Desperate (1947), directed by Anthony Mann. A young couple on the run, these newlyweds are desperate to get away from the hulking villain played by Raymond Burr. This is the film that gives us a basement beating under a swinging lightbulb. We also have a vortex of a stairwell. Perhaps there are some implausible touches to the plot, but all in all this is an effective noir. Steve Brodie takes a turn as a noir hero, a well-meaning young man with a truck who finds himself in a predicament and running for his life from thugs who mean to rub him out. Then there is the wry and cynical policeman who serves as something of a deus ex machina. We have both gritty city locales and brighter country places. Everything moves along briskly, until the ending with the clock ticking and time slowed to an agonizing crawl. I especially appreciated the getaway among large creepy masks.

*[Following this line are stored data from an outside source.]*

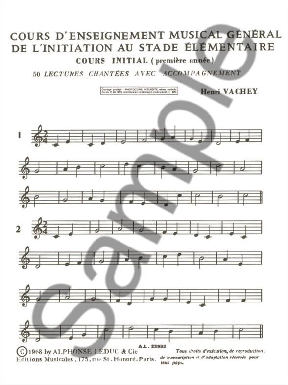 Cours Enseignt Musical General 1ere Anneeinit.50 Lect.1 Cle Fin Annee S – Acc1 VACHEY HENRI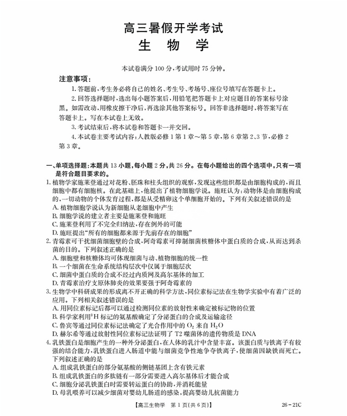 河北省衡水市桃城区2026届高三上学期暑假开学考试 生物试卷(含答案).pdf
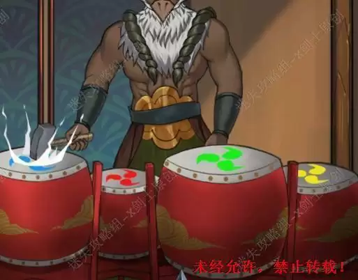 61.在一楼点击玩偶,可以从他们的脸上之后二楼打鼓的颜色提示绿蓝黄红,上到二楼,打完鼓之后就可以得到锤子了。61

Side Street (1949), directed by Anthony Mann. Just after their pairing in They Live By Night, Farley Granger and Cathy O'Donnell appear in this film by Anthony Mann. Mann is best known as the director of a series of westerns, mostly with James Stewart, in the 1950s, but in the previous decade he made a series of procedural noirs. His eye for detail gives these films an edge. Here he uses the canyon-like streets of New York as location for the cat and mouse chase between his luckless hero, the villains, and the police. Late in the film, we have perhaps the first of the modern car chases on film. This one looks both tense and unusual, unusual because the streets are mostly empty unlike more recent car chases in which streets are crowded with people and vehicles. The photography has both a documentary look and a compositional look of planned cinema. The opening aerial shot of the Empire State Building and the streets of New York looking like a maze is impressive, going one step farther than Ray's opening helicopter shot in They Live By Night. The film, partly through the opening voice over, makes it clear that the city contains a stark contrast between the wealthy and the down and out. For the sake of $200, young Joe Norsom (Farley Granger) sets off a series of events that take him deeper and deeper into the ugly labyrinth of the big city, endangering himself and others.